Perfect perfect perfect. Life was so perfect. Sweet as a can of Coke or a giant glazed doughnut. Never mind the calories or the high fructose corn syrup; just bite into that Twinkie and taste that fluffy stuff inside. Sugar is the best. That's what I felt like as I bounded up the carpeted staircase like Bugs Bunny; like I was seriously sugar high, my head all floaty and my limbs all free and fidgety, like I wanted to go somewhere. Like Colombia maybe; Buenos dias, humanos. Viva es un buen pastel. I like that; "Life is a good cake" Maybe that should be my new motto. Life is a good cake. Life is a great big taco. Life is a tremendous vat of Coke. Yum.
I sauntered across the bedroom and leaned out the windowsill of the middle window, gazing lazily at the sun glazed suburban street outside, the golden light of the afternoon slanting through the glass, filling the bedroom with a soft, almost sweet glow. Like honey. And boy, was today ever the perfect day for it to look like that. The perfect day. It was the day of Pokey Oaks Middle School's spring dance! God, I'd been dreaming of this day forever! Who cares that I couldn't dance any better than a rock!! I had the whole night planned out in my head…I'd had it planned months in advance. *sigh* I just couldn't wait. It was like being Prince Charming in a stupid fairy tale, except with some pizzazz! And a kick-butt girl.
My smile widened and my eyes gazed dreamily through the glass as I leaned heavily against the windowsill. And that's when I noticed my reflection and my face fell instantly; my hair didn't actually look like that, did it?!! Hell's bells. I turned and ran for bedroom door, heading for the bathroom in the hall and my beloved bottle of hair gel. Just as my hand grasped the knob of the bedroom door, somebody opened it from outside and I tumbled head over heels onto the carpet with an agonizing thud. I looked up in panic; please, God, let it not be Buttercup. And it wasn't; it was Boomer, looking down at me, confused.
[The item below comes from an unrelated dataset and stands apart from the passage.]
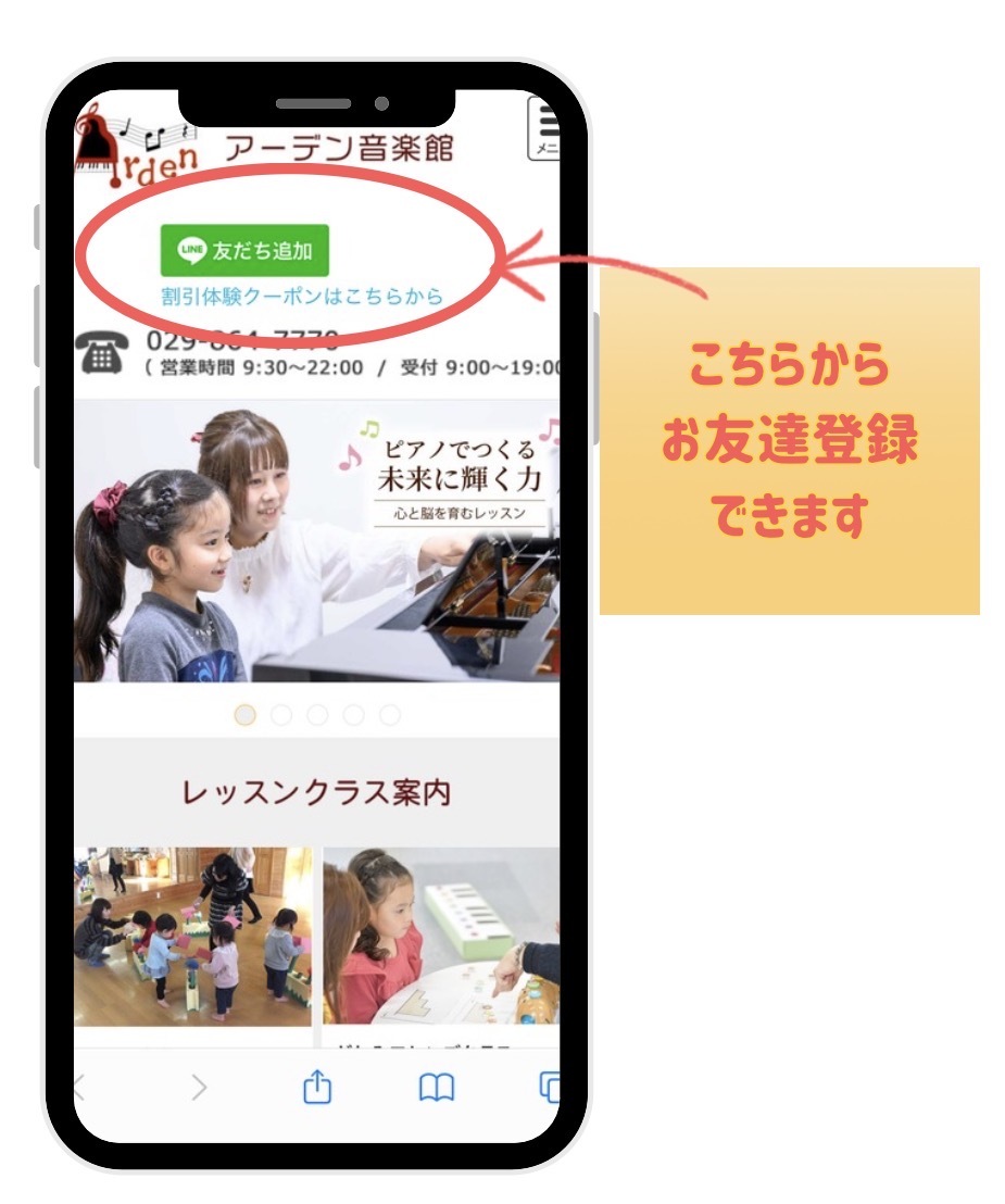 アーデン音楽館のホームページから公式LINEのお友達にご登録していただいた方限定で、体験レッスン料金通常1000円のところ、半額になるお得なクーポンをお配りしています♪

"What are you doing?!" he exclaimed as I swiftly stood up and dusted off my clothes.
"I'm going to the bathroom." I pointed to my hair. "Hair gel."
"Oh…" said Boomer as I darted around him and down the hall, bursting open the bathroom door and flinging open the cabinet, rummaging around for my hair gel. I seized the bottle and squirted a green blob into my hand, and I was smoothing it into my hair when Boomer poked his blonde head through the doorway.
"Why the rush?"
I finished fixing my hair and turned to Boomer, irritated, my arms crossed and the bottle of hair gel grasped in one hand.
"Duh…" I said, shaking the bottle in his face. "The dance…remember?"
Boomer glared at me and crossed his arms tightly. I bustled back over to the cabinet and put the gel away, slamming the doors shut and taking one last look at myself in the mirror before darting out of the bathroom. Boomer sullenly followed me as I ran back to the bedroom and flung open the closet, looking for my suit.
"Where is it…Where is it…Where is the crap…"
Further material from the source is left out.